Note: Only REQUIREMENT_GAP feedback affects request analysis (surfaces as Completeness issue). Other feedback types are passed through to outline creation without blocking request confidence.

4.1 Correctness

Check: Are requirements technically valid? Use arch_context from Step 2.

AspectCheckArchitecture Data Used
Technology referencesDo mentioned technologies/frameworks exist?arch_context.technologies
Module referencesDo mentioned modules exist in the project?arch_context.modules[].name
API referencesAre referenced APIs/methods valid in the codebase?Query if unclear
Pattern referencesAre mentioned patterns appropriate for the domain?arch_context.project_description
Constraint validityAre constraints achievable (not mutually exclusive)?Module purposes

Validation against architecture:

  • If request mentions "Maven" but technologies doesn't include maven → ISSUE
  • If request mentions module "foo-bar" but it's not in modules → ISSUE
  • If request mentions "Quarkus CDI" but project is plain Java library → ISSUE

Finding format:

code
CORRECTNESS: {PASS|ISSUE}
  - {specific finding with evidence}
  - Architecture reference: {what was checked against}

4.2 Completeness

Check: Is all necessary information present?

AspectCheck
Scope clarityIs it clear what IS and IS NOT in scope?
Success criteriaAre acceptance criteria defined or inferrable?
Test requirementsAre testing expectations stated (or can be inferred from domain)?
DependenciesAre prerequisite changes or dependencies mentioned?

Finding format:

code
COMPLETENESS: {PASS|MISSING}
  - {what is missing and why it matters}

4.3 Consistency

Check: Are requirements internally consistent?

AspectCheck
No contradictionsRequirements don't conflict with each other
Aligned constraintsTechnology choices don't conflict
Coherent scopeAll parts work toward same goal

Finding format:

code
CONSISTENCY: {PASS|CONFLICT}
  - {conflicting requirements with explanation}

4.4 Non-Duplication

Check: Are there redundant requirements?

AspectCheck
No repeated asksSame thing not requested multiple ways
No overlapping scopeRequirements don't cover same ground differently

Finding format:

code
DUPLICATION: {PASS|REDUNDANT}
  - {duplicated requirements and recommendation}

4.5 Ambiguity

Check: Is there only one valid interpretation?

AspectCheck
Clear terminologyDomain terms are unambiguous
Specific scope"All X" or "some X" is clear
Measurable criteriaSuccess is objectively determinable
Clear boundariesWhere changes start/stop is explicit

Finding format:

code
AMBIGUITY: {PASS|UNCLEAR}
  - {ambiguous element and possible interpretations}

Step 5: Analyze Request in Architecture Context

With arch_context from Step 2, analyze how the request maps to the codebase.

5.1 Module Mapping

Question: Which modules are affected by this request?

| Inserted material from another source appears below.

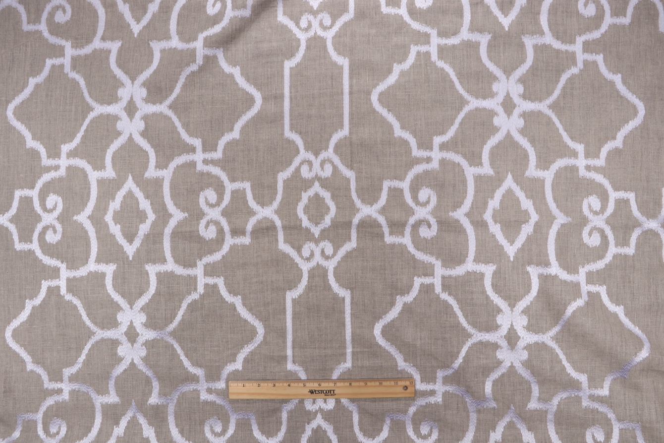 Thibaut Ogden W714210 Embroidered Linen Drapery Fabric in White on Natural is a remnant, which is sold as a whole piece.

Initial mapping (use arch_context.modules from Step 2):

For each requirement, identify candidate modules:

  • Does the request mention specific modules? → Check against arch_context.modules[].name
  • Does the request mention functionality? → Match against arch_context.modules[].purpose
  • Are there implicit module dependencies?

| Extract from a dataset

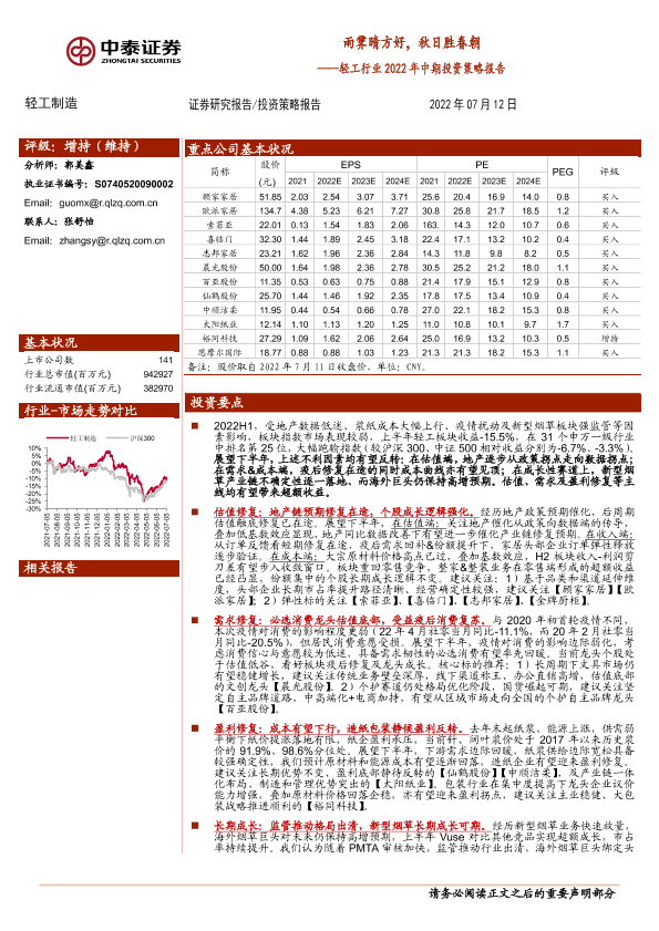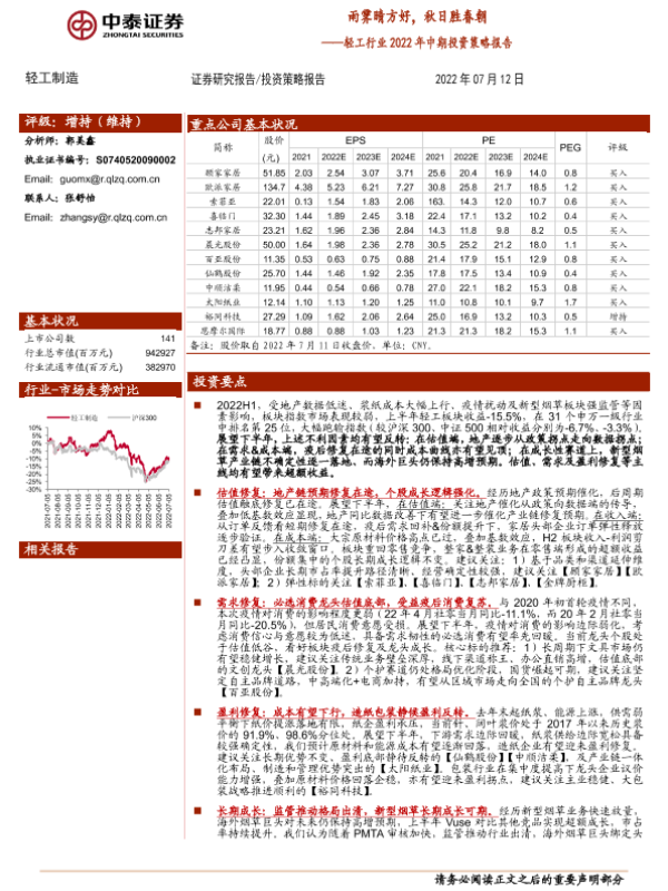 【中泰证券】【20220712】轻工行业2022年中期投资策略报告:雨霁晴方好,秋日胜春朝-37页

When to query detailed module info:

If mapping is unclear (confidence < 70%), query detailed module info:

bash
python3 .plan/execute-script.py plan-marshall:analyze-project-architecture:architecture module \
  --name {candidate_module} --trace-plan-id {plan_id}

This provides:

  • responsibility: What the module does (e.g., "Core JWT validation logic")
  • key_packages: Package structure and descriptions
  • key_dependencies: External dependencies that indicate functionality
  • internal_dependencies: Dependencies on other project modules

Decision tree for detailed queries:

SituationAction
Request mentions specific module by nameNo query needed (direct match)
Request mentions functionality, multiple modules possibleQuery candidates to compare responsibility
Request is cross-cutting (affects multiple modules)Query graph to understand dependencies
Request scope unclearQuery detailed info for all candidate modules

Graph query (for cross-module changes):

bash
python3 .plan/execute-script.py plan-marshall:analyze-project-architecture:architecture graph \
  --trace-plan-id {plan_id}

Finding format:

code
MODULE_MAPPING: {CLEAR|NEEDS_CLARIFICATION}
  - Requirement: "{requirement text}"
  - Candidate modules: [{module1}, {module2}]
  - Confidence: {percentage}
  - Reason: {why these modules, or why unclear}
  - Detailed query: {yes/no - whether module details were retrieved}

5.2 Feasibility Check

Question: Can this request be implemented given the architecture?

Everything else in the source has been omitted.